Stored items
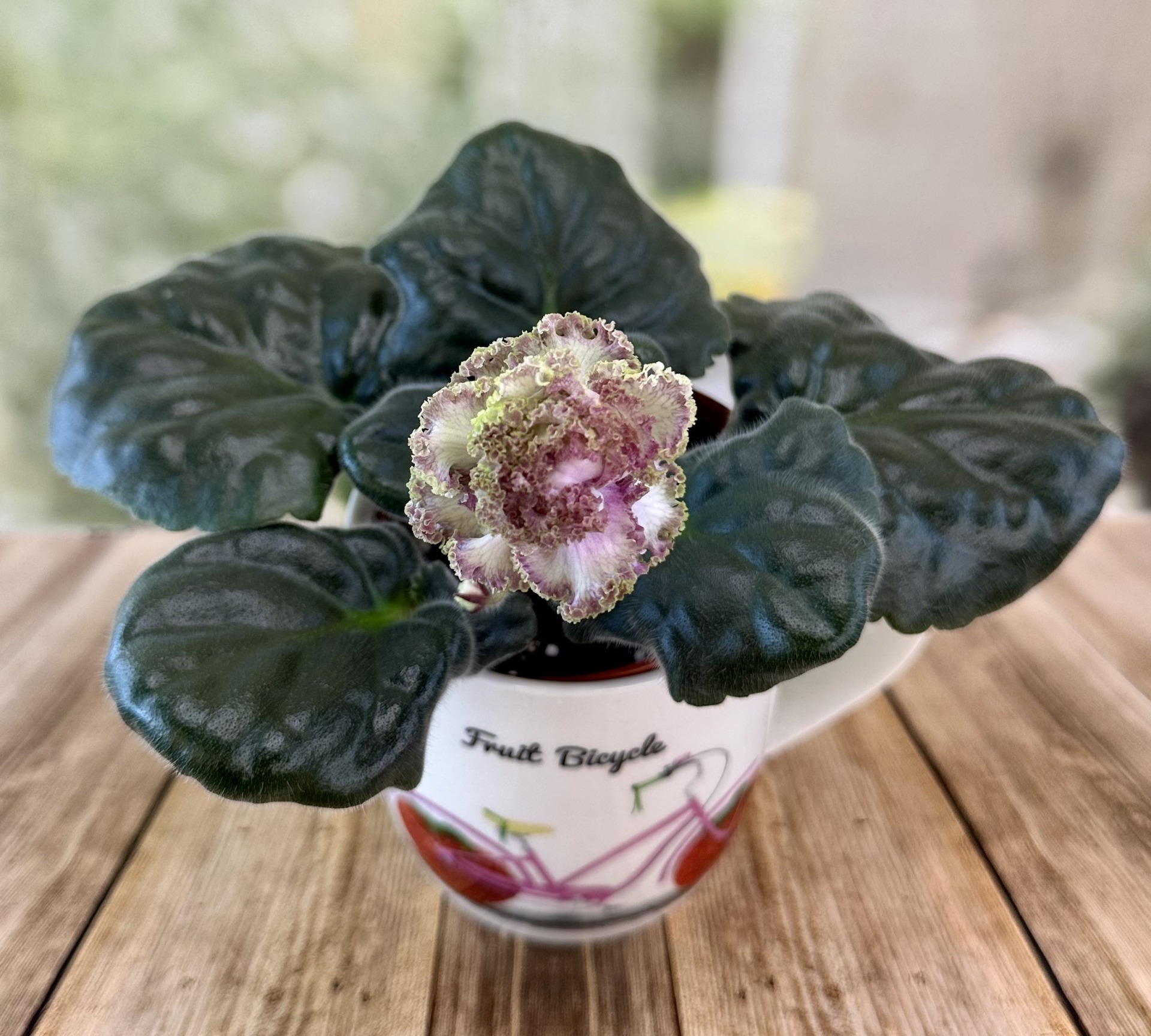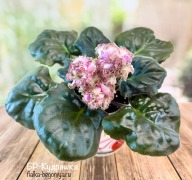 Цветы упругие и налитые. Махровые светло-розовые цветы с более темной фантазийностью. Золотистая кайма. Розетка из темно-зеленых листьев.
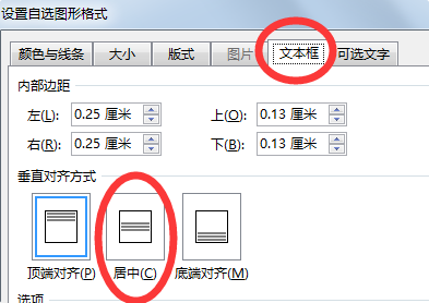 不改变文本框大小的设置。不改变文本框大小让文字在竖排文本框中水平居中对齐,可参照上图,设置“内部边距”的左、右边距就可以了。
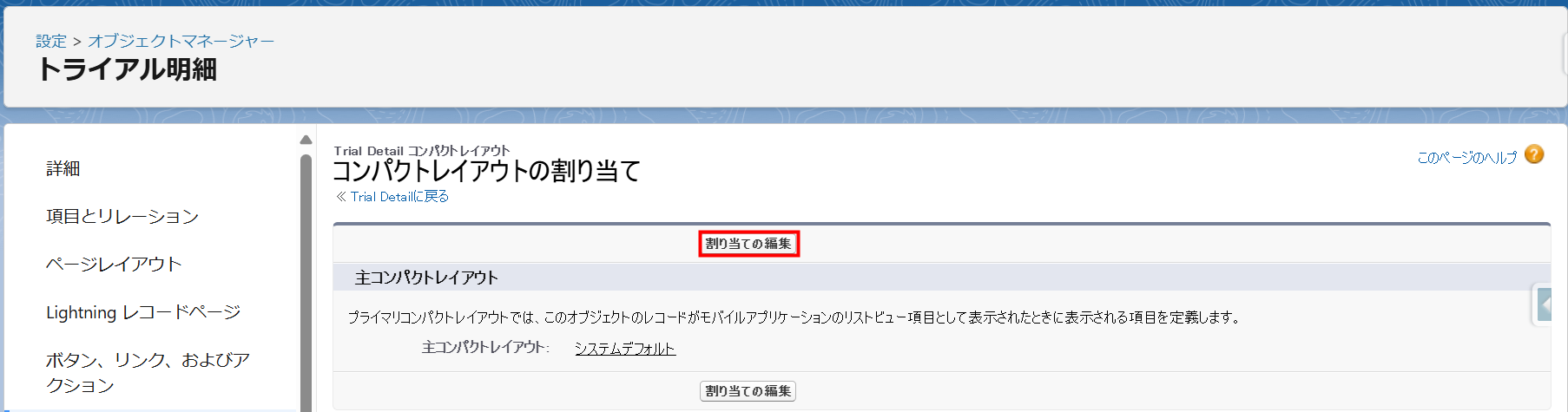 - 「トライアル明細」の「コンパクトレイアウトの割り当て」画面が表示されます。[割り当ての編集]ボタンをクリックします。
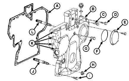 1. 確保正時(shí)齒輪蓋和前板上的襯墊表面清潔。(請(qǐng)參閱本章前面的“清潔和檢查前板”部分。)
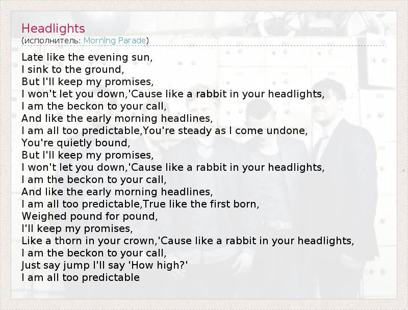 Late like the evening sun, I sink to the ground, But I'll keep my promises, I won't let you down,'Cause like a rabbit in your headlights, I am the beckon to your call, And like the early morning headlines, I am all too predictable,You're steady as I come undone, You're quietly bound, But I'll keep my promises, I won't let you down,'Cause like a rabbit in your headlights, I am the beckon to your call, And like the early morning headlines, I am all too predictable,True like the first born, Weighed pound for pound, I'll keep my promises, Like a thorn in your crown,'Cause like a rabbit in your headlights, I am the beckon to your call, Just say jump I'll say 'How high?' I am all too predictable
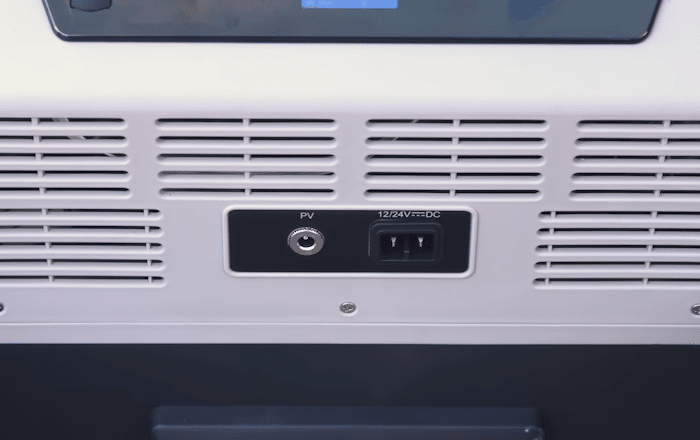 Integrated directly below the cooler’s control panel, we also have its Power Input ports, which consists of a PV (photovoltaic) input port (for powering the cooler directly via the included solar panel) and a 12/24V DC power input port (for powering the cooler directly from a power outlet).
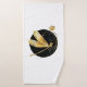 Künstlerisch bemalt, Gold, Schmuck, funkelnde Libelle mit detailreichen filigranen Flügeln auf goldener wilder Blume, gegen schwarz strukturierte Kreis. Goldene Libelle
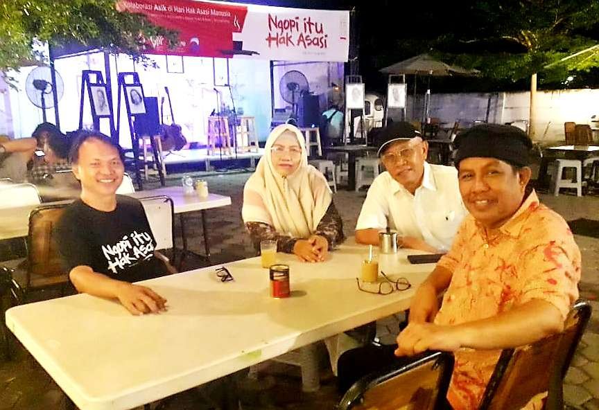 "Ini merupakan kerja jaringan, yang bahasa kerennya networking, tapi gampangnya saya sebut teman ajak teman," kisah Rusdin mengawali acara "Ngopi itu Hak Asasi".

» **REQUIREMENT**
Write the lines above out again exactly, without any of their pictures.

» **RESPONSE**
 Цветы упругие и налитые. Махровые светло-розовые цветы с более темной фантазийностью. Золотистая кайма. Розетка из темно-зеленых листьев.
 不改变文本框大小的设置。不改变文本框大小让文字在竖排文本框中水平居中对齐,可参照上图,设置“内部边距”的左、右边距就可以了。
 - 「トライアル明細」の「コンパクトレイアウトの割り当て」画面が表示されます。[割り当ての編集]ボタンをクリックします。
 1. 確保正時(shí)齒輪蓋和前板上的襯墊表面清潔。(請(qǐng)參閱本章前面的“清潔和檢查前板”部分。)
 Late like the evening sun, I sink to the ground, But I'll keep my promises, I won't let you down,'Cause like a rabbit in your headlights, I am the beckon to your call, And like the early morning headlines, I am all too predictable,You're steady as I come undone, You're quietly bound, But I'll keep my promises, I won't let you down,'Cause like a rabbit in your headlights, I am the beckon to your call, And like the early morning headlines, I am all too predictable,True like the first born, Weighed pound for pound, I'll keep my promises, Like a thorn in your crown,'Cause like a rabbit in your headlights, I am the beckon to your call, Just say jump I'll say 'How high?' I am all too predictable
 Integrated directly below the cooler’s control panel, we also have its Power Input ports, which consists of a PV (photovoltaic) input port (for powering the cooler directly via the included solar panel) and a 12/24V DC power input port (for powering the cooler directly from a power outlet).
 Künstlerisch bemalt, Gold, Schmuck, funkelnde Libelle mit detailreichen filigranen Flügeln auf goldener wilder Blume, gegen schwarz strukturierte Kreis. Goldene Libelle
 "Ini merupakan kerja jaringan, yang bahasa kerennya networking, tapi gampangnya saya sebut teman ajak teman," kisah Rusdin mengawali acara "Ngopi itu Hak Asasi".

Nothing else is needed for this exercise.